Basically the goal here is to help calm some of the fears I have around releasing breaking changes when we decide we need to finally do it (i.e. the php version and graphql-php version bumps, and any other future breaking changes)

I want to work on a document that can communicate to the community what process(es) we will follow when we have a breaking change release, how we will communicate the breaking changes (i.e. categorized as High, Medium, Low impact), how we will document the upgrade paths, etc, etc.

Then, I would like to figure out how to process-ify this to ensure I/we follow the process if/when we need to make such releases.

As you know, I've made some breaking change releases in the past that probably should have been semver major updates, but I justified them as bugfixes, largely because I'm scared of what will happen when we have a split in the ecosystem between 1. and 2., etc.

I have a fear that when we release a 2.0 version, the community will split and we'll have folks that are on 1. and folks on 2. and support, maintenance, etc will become increasingly difficult for core WPGraphQL, extensions, consumers (i.e. Faust, etc).
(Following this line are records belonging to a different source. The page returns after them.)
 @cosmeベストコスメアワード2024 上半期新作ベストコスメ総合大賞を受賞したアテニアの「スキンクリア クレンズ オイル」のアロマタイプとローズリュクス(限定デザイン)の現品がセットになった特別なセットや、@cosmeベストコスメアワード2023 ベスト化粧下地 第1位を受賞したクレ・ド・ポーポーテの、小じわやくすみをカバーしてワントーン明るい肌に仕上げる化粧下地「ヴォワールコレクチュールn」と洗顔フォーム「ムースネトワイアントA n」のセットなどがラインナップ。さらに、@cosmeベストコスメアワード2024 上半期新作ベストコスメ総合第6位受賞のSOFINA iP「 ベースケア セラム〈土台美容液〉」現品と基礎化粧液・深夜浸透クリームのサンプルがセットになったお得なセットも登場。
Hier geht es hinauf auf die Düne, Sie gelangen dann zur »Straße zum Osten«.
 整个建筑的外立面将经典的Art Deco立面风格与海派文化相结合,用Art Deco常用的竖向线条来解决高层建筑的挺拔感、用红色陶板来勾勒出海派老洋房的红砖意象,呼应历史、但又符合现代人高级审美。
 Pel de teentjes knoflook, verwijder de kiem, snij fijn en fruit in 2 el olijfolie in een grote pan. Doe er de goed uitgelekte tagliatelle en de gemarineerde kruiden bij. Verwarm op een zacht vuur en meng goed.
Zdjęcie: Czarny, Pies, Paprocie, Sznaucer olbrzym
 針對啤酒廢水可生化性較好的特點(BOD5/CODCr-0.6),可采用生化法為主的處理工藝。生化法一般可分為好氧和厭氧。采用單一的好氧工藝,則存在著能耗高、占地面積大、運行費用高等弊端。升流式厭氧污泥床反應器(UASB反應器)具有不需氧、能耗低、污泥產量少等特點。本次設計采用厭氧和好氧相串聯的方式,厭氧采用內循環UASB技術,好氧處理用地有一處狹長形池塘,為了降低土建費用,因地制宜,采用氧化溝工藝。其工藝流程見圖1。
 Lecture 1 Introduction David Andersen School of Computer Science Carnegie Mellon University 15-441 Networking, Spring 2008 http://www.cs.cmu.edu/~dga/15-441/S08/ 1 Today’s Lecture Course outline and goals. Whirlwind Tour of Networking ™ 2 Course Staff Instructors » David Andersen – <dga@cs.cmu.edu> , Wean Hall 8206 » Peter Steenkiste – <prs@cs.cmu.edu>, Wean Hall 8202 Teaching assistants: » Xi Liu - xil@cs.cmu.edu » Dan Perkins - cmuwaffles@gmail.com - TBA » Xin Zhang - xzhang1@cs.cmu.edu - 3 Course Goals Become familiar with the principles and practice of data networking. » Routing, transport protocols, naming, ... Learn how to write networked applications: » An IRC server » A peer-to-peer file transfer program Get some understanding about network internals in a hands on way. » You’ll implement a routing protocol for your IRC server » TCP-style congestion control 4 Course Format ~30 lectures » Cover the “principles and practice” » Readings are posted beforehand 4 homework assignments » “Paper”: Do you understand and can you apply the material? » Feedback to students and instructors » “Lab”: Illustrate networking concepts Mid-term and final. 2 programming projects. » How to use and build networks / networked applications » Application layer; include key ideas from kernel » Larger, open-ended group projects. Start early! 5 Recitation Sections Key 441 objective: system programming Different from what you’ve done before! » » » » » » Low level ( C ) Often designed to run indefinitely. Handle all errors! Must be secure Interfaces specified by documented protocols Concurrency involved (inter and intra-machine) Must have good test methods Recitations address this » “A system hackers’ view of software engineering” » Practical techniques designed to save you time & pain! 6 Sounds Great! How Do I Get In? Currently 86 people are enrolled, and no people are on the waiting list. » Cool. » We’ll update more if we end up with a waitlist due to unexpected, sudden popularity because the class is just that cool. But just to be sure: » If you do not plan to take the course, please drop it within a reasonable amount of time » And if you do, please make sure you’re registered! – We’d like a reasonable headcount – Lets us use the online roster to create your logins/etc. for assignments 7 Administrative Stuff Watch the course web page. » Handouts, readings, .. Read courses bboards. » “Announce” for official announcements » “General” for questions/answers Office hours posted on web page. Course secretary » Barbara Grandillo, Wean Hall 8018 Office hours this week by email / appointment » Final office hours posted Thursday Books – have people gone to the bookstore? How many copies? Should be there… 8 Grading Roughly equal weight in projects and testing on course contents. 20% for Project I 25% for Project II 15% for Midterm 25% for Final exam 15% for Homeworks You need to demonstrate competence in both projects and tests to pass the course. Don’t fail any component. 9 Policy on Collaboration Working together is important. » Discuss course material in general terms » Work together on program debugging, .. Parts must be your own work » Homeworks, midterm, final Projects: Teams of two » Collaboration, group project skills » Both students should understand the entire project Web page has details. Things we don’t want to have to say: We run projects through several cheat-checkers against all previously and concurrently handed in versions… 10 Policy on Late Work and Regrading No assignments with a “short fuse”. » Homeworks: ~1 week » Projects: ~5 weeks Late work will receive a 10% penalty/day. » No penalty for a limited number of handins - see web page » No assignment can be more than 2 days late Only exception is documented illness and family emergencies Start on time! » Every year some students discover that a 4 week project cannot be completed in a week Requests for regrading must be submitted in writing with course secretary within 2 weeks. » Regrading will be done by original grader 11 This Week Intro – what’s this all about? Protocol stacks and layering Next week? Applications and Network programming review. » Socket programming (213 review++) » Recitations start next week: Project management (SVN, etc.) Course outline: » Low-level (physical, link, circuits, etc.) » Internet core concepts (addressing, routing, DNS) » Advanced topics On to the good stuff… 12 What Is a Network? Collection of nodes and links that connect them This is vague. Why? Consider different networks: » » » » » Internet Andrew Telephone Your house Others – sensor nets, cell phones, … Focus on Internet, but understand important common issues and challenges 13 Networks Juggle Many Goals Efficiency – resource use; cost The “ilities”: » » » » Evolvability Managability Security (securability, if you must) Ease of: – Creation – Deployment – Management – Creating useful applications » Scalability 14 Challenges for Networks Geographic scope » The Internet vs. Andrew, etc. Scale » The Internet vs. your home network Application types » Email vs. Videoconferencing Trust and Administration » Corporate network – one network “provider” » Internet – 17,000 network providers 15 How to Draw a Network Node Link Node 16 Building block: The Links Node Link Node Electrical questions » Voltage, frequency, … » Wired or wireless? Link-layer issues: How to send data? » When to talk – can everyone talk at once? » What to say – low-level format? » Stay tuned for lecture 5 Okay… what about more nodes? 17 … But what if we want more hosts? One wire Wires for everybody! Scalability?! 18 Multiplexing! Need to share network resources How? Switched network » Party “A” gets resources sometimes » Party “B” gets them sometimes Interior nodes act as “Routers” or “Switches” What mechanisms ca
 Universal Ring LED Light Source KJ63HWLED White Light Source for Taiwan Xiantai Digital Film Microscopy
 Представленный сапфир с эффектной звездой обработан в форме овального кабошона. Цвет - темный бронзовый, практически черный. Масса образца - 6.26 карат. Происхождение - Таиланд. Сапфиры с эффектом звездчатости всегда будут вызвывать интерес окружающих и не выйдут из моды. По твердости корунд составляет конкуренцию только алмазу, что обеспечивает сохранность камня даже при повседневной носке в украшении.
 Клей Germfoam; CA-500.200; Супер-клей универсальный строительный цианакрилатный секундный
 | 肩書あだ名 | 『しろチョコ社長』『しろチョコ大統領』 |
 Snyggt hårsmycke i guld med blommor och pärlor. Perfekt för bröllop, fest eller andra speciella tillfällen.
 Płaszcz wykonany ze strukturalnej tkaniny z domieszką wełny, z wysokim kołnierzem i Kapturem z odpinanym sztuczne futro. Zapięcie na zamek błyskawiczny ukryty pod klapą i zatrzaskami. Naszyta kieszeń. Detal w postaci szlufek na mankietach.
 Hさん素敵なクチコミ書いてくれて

If we can set the precedent and properly communicate to the community that major releases will be major in the semver sense and not major in the "we re-architected the entire plugin" sense, then I think we can help the community move forward on the latest versions without the split I'm fearful of.

I think in the WordPress ecosystem a 2.0 of a plugin has typically been a huge refactor and not just a minor technical breaking change.

I would love to get to a point where we can make breaking releases that users can upgrade to in minutes vs hours or days. Like I don't want to pile up 43 breaking changes then release a 2.0 that takes a user 2 weeks to rebuild their projects to be compatible with. I would love to release breaking changes (when necessary) that took users 30 seconds to upgrade to be compatible with, if they are even impacted by said change.

For example, release v1.13.0 realistically should have been a semver major release. Because of my fears (i.e. ecosystem split, etc) I justified in my mind that this didn't justify a major, and I released it as a minor.

I would love to get to a point where I could release something like this as a semver major and help the community understand that "major" simply means what semver intends it to mean "something in this release is considered breaking" and not what the WordPress community typically means with a major (i.e. the entire plugin is different)

I would like to solidify a process for how we communicate the severity/impact/estimated time to update, of breaking changes so users can be more educated on when it makes sense to upgrade vs hold off, etc.

There will be times where we release a breaking change, like v1.13.0 where the impact is so low that most users won't even notice anything changed and don't need to take any action to remain compatible.

Then there will be releases, like the graphql-php version bump that might impact a wider audience and might require some action from some users.

Then there will be releases where nearly everyone is impacted but the time to update is minimal (i.e. if we decided we NEEDED to change a field in the schema or a function/hook/filter signature or something)

Then, there will also likely be releases where the time to update might require more time.

I want to be able to set a standard for how we communicate these things, how we document them, etc. . .and then processify it so I and other contributors can help follow the "policy".

This is probably a lot of rambling but hopefully it communicates my fears and what we're trying to solve here. I think a lot of it comes down to communication with the community, updating docs and processes, etc. It's probably more about helping me overcome some of my fears as a maintainer more than anything else.